Anne was not quite sure that she liked it--the moaning of the wind, and the ceaseless swish--boom, crash of the waves.
"I wish it was daylight so that I could see the ocean," she said, politely, "I think it must be lovely and blue and big--"
"It is lovely now," said Judy, and went to the window and drew back the curtain.
"Look out here, Anne--"
As Anne looked out, the moon showed for an instant in a ragged sky and lighted up a wild waste of waters, whose white edge of foam ran up the beach half-way to the cottage.
"How high the waves are," said little Anne.
"I have seen them higher than that," exulted Judy. "I have seen them so high that they seemed to tower above our roof."
"Weren't you afraid?"
"They couldn't hurt me, and it was grand."

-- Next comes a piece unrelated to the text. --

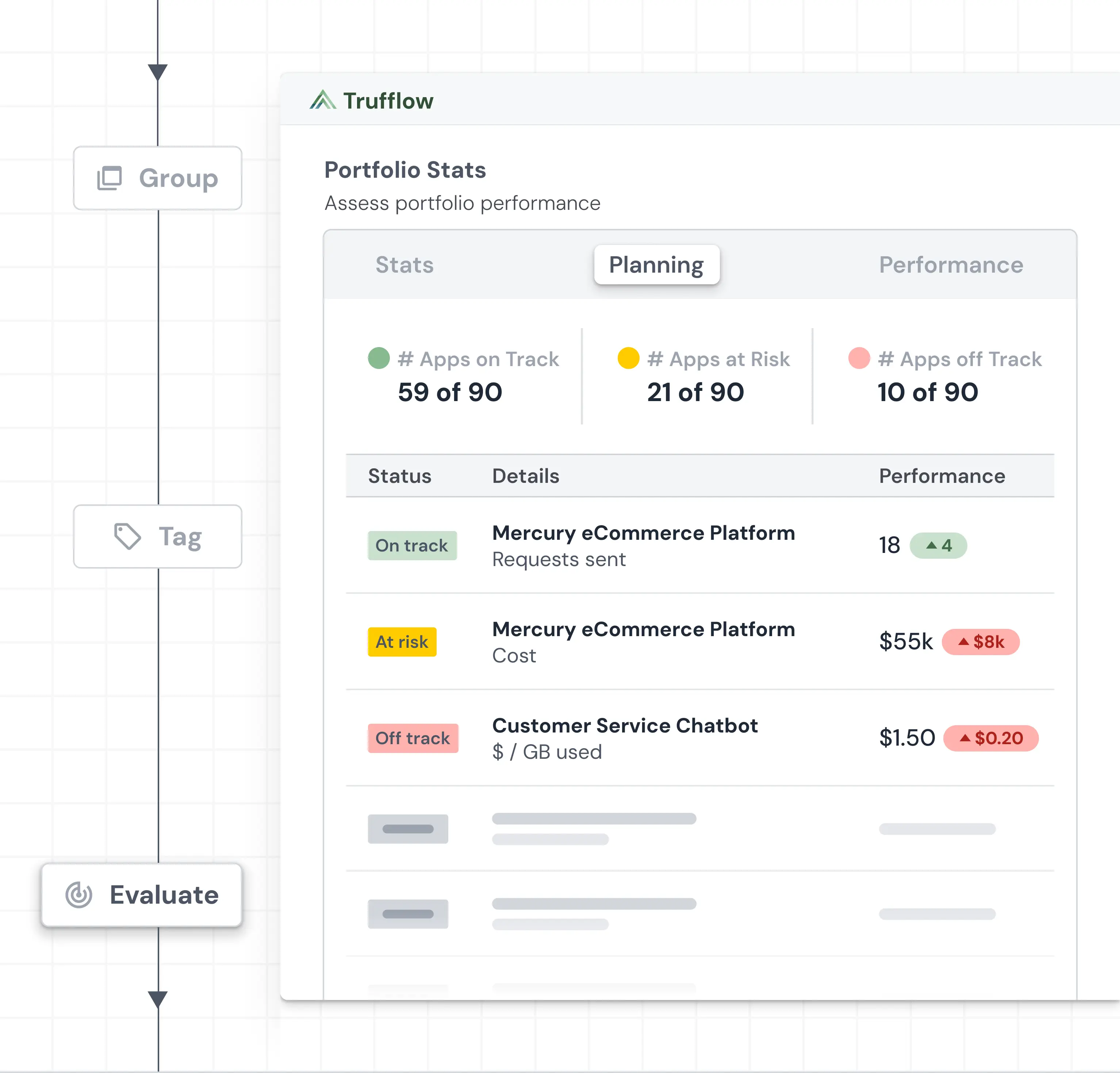 Trufflow’s planning support provides continuous monitoring of what that matters to your organization, across more than two dozen metrics in areas like usage, consumption, reliability, and centrality.

"Supper is served, miss," announced Perkins, coming in with a chafing-dish and a half-dozen fresh eggs on a silver tray.
"I thought you might like something hot, sir," he said to the Judge with a supercilious glance at the cold collation which Mrs. Adams had provided, and with that he proceeded on the spot to make an omelette--puffy, fluffy, and perfect.
It was a cozy scene--the old butler in his white coat bending over the shining silver dish with the blue flame underneath. The polished mahogany of the table giving out rich reflections as the ruddy light of the fire played over it. The sparkling gla.s.s, the quaint old silver, Judy's violets all fragrant and dewy in the center, and at the head of the table the Judge in a great armchair, and on each side the two girls, the dark-haired and the fair-haired, in white gowns and crisp ribbons.